> _WHAT YOU ARE ASKED TO DO_
Give the listing again word for word, excluding the pictures it contains.

> _DATA SEGMENT_
>>>

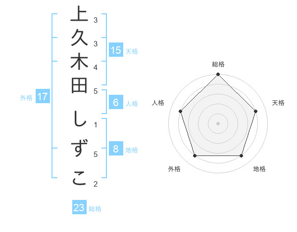 上久木田 しずこさんを姓名の画数から五運を鑑定
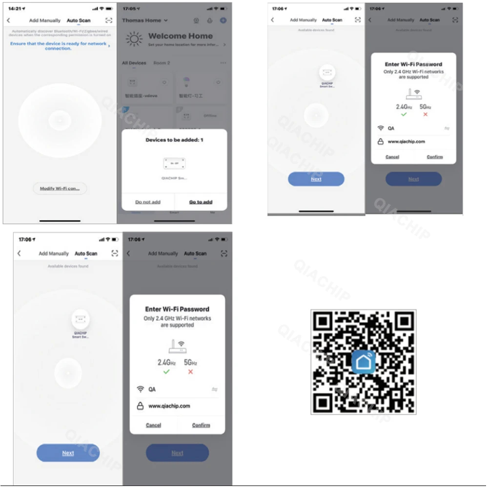 to enter the device addition page, and then select “Auto Scan” (please turn on the Bluetooth function of the phone before performing this operation) to start searching for nearby devices to be added. After discovering the device to be added , The icon and name of the device will appear on the APP page or a prompt page
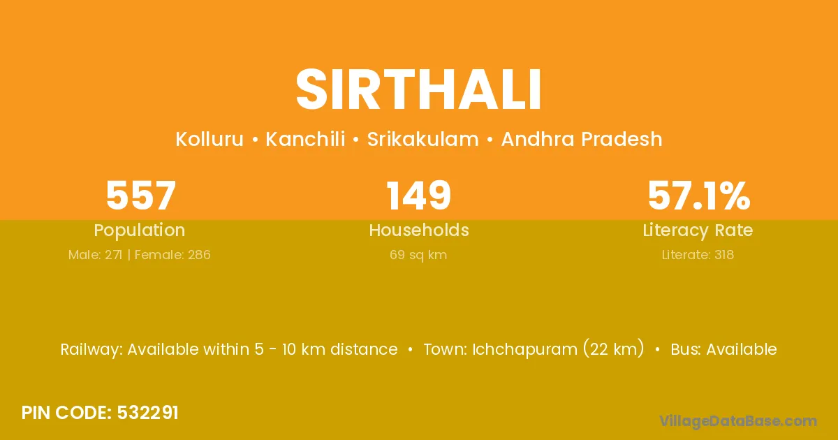 The literacy rate of Sirthali village is 56.63%. Male literacy stands at 69.82% and female literacy at 41.87%.

<<<

> _OUTPUT OF THE EXERCISE_
 上久木田 しずこさんを姓名の画数から五運を鑑定
 to enter the device addition page, and then select “Auto Scan” (please turn on the Bluetooth function of the phone before performing this operation) to start searching for nearby devices to be added. After discovering the device to be added , The icon and name of the device will appear on the APP page or a prompt page
 The literacy rate of Sirthali village is 56.63%. Male literacy stands at 69.82% and female literacy at 41.87%.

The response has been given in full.